- [MATERIAL SHOWN]
----------

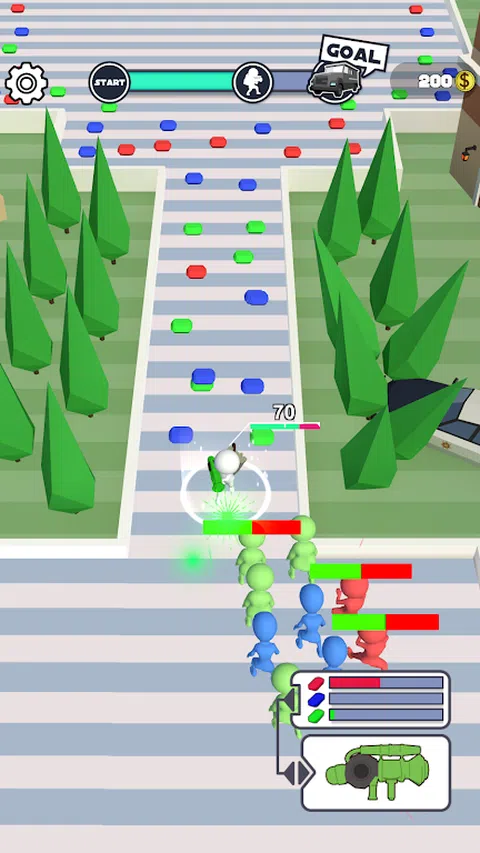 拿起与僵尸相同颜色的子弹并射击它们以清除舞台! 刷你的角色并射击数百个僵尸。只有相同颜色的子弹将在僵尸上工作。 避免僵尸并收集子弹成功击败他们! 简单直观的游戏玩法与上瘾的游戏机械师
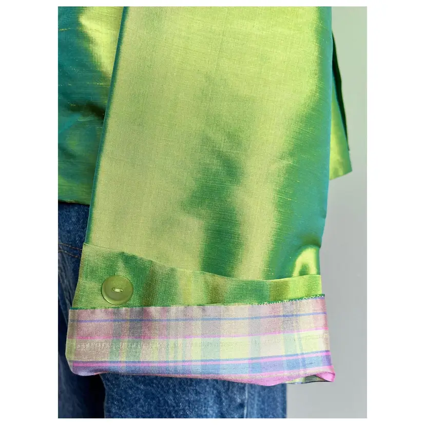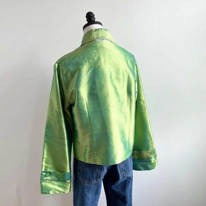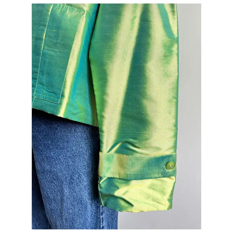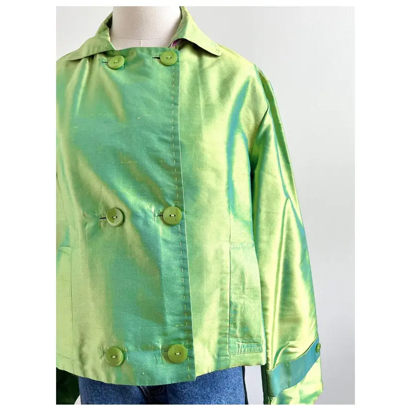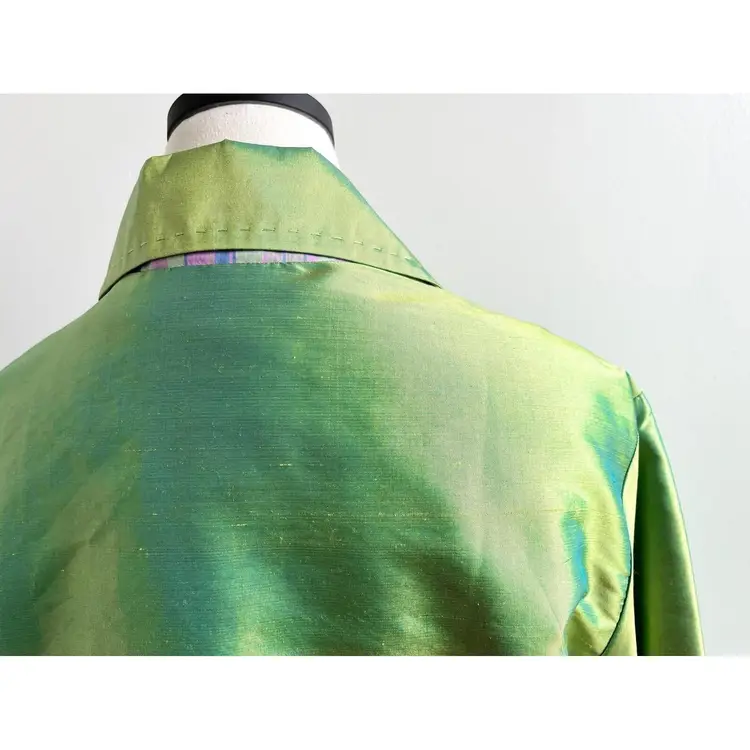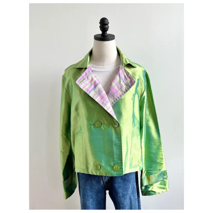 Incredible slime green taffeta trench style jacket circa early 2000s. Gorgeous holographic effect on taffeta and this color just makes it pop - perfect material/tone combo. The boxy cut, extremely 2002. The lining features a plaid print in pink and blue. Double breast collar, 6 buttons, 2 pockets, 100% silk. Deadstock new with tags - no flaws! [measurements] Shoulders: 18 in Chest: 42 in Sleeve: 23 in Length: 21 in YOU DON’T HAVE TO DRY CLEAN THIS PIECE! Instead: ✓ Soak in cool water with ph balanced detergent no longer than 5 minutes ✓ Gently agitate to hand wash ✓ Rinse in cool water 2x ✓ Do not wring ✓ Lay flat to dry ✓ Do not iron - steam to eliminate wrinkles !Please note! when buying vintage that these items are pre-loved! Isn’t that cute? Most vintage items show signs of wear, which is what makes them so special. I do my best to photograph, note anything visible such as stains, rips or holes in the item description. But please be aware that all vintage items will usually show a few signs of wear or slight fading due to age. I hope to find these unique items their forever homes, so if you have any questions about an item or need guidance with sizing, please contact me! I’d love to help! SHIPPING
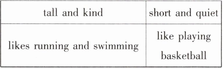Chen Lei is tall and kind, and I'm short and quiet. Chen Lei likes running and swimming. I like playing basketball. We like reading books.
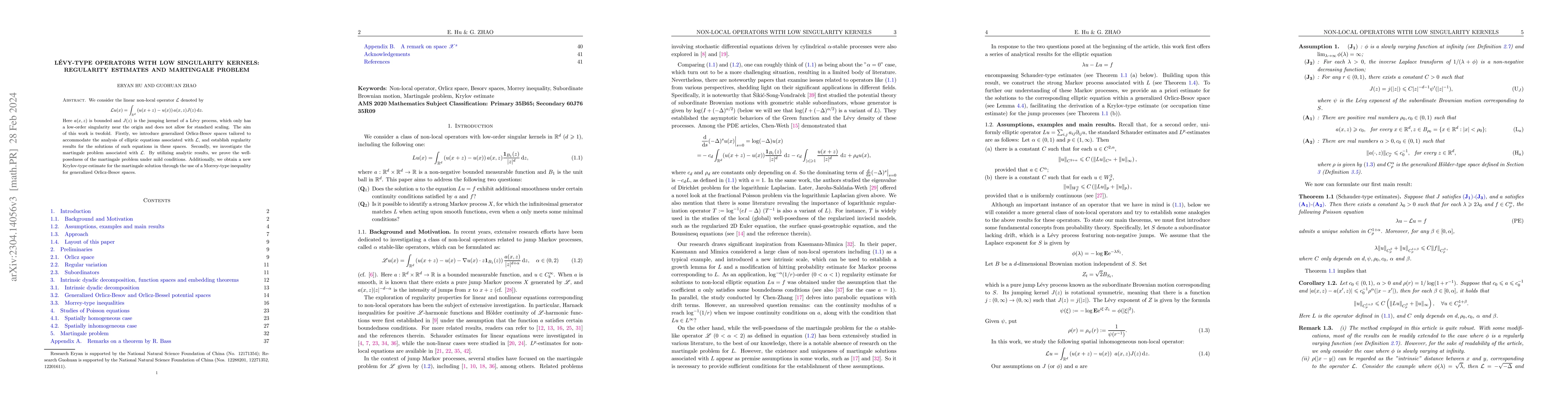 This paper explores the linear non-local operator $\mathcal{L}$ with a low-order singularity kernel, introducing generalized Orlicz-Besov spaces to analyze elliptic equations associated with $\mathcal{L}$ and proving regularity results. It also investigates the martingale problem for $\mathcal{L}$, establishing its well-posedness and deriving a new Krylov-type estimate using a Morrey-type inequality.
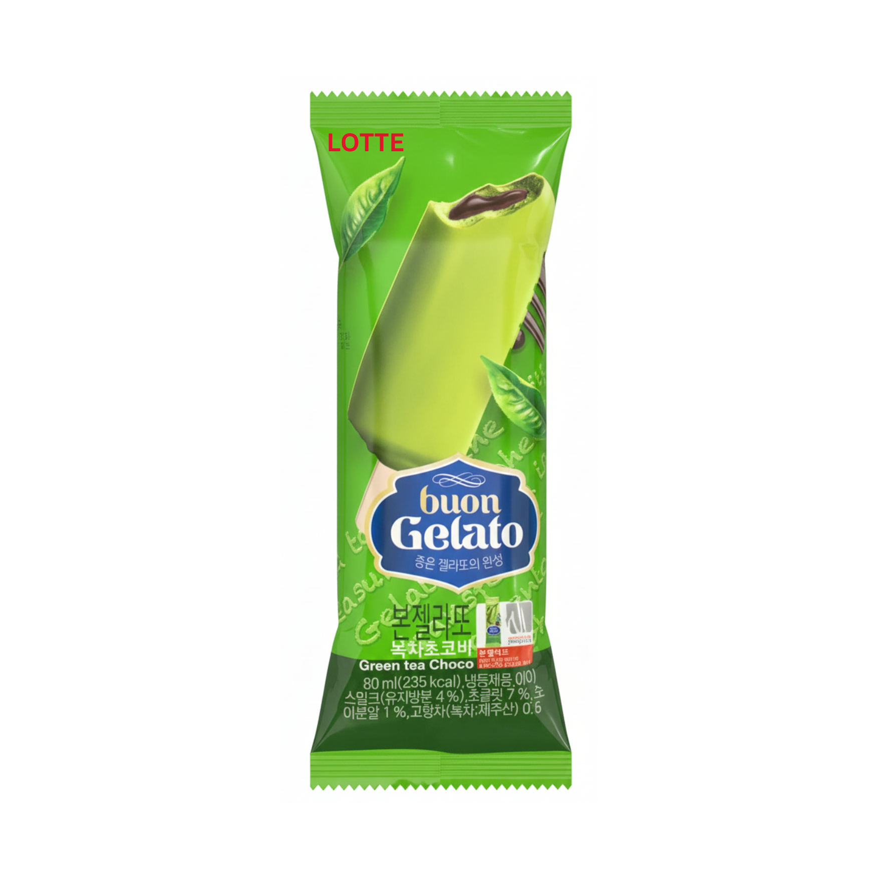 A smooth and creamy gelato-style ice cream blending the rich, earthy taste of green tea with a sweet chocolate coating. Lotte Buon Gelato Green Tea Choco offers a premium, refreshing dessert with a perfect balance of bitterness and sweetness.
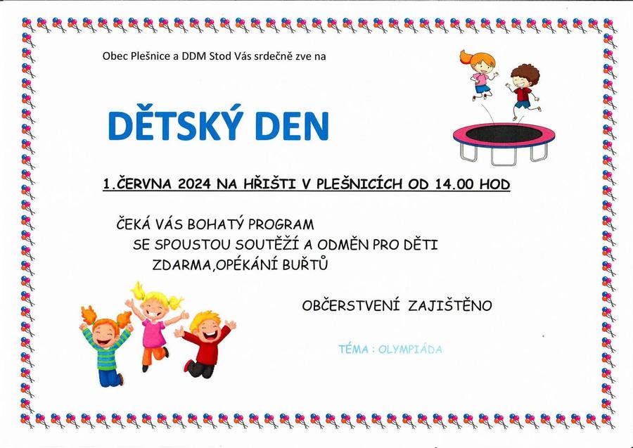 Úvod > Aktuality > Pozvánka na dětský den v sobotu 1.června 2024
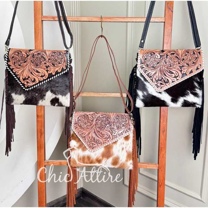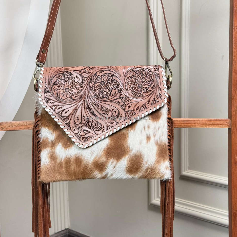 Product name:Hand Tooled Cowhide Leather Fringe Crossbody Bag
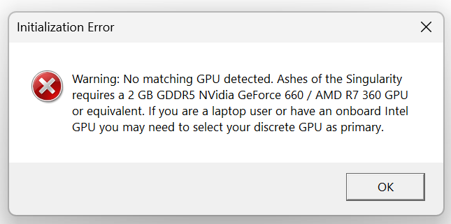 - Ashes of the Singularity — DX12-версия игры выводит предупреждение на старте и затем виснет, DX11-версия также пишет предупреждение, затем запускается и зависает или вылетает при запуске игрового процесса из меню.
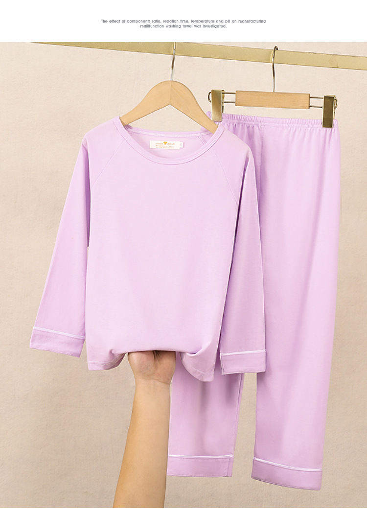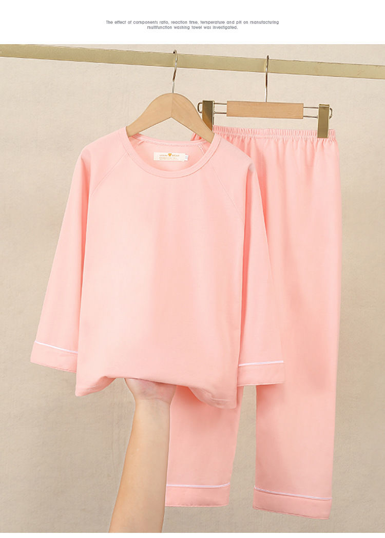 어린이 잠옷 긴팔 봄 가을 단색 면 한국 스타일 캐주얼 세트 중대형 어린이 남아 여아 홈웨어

----------

- [ACTION ITEM] Leave every picture out, and reproduce exactly the lines from the line bearing "A smooth and" through the closing line of the material above.

- [FINISHED TASK]
 A smooth and creamy gelato-style ice cream blending the rich, earthy taste of green tea with a sweet chocolate coating. Lotte Buon Gelato Green Tea Choco offers a premium, refreshing dessert with a perfect balance of bitterness and sweetness.
 Úvod > Aktuality > Pozvánka na dětský den v sobotu 1.června 2024
 Product name:Hand Tooled Cowhide Leather Fringe Crossbody Bag
 - Ashes of the Singularity — DX12-версия игры выводит предупреждение на старте и затем виснет, DX11-версия также пишет предупреждение, затем запускается и зависает или вылетает при запуске игрового процесса из меню.
 어린이 잠옷 긴팔 봄 가을 단색 면 한국 스타일 캐주얼 세트 중대형 어린이 남아 여아 홈웨어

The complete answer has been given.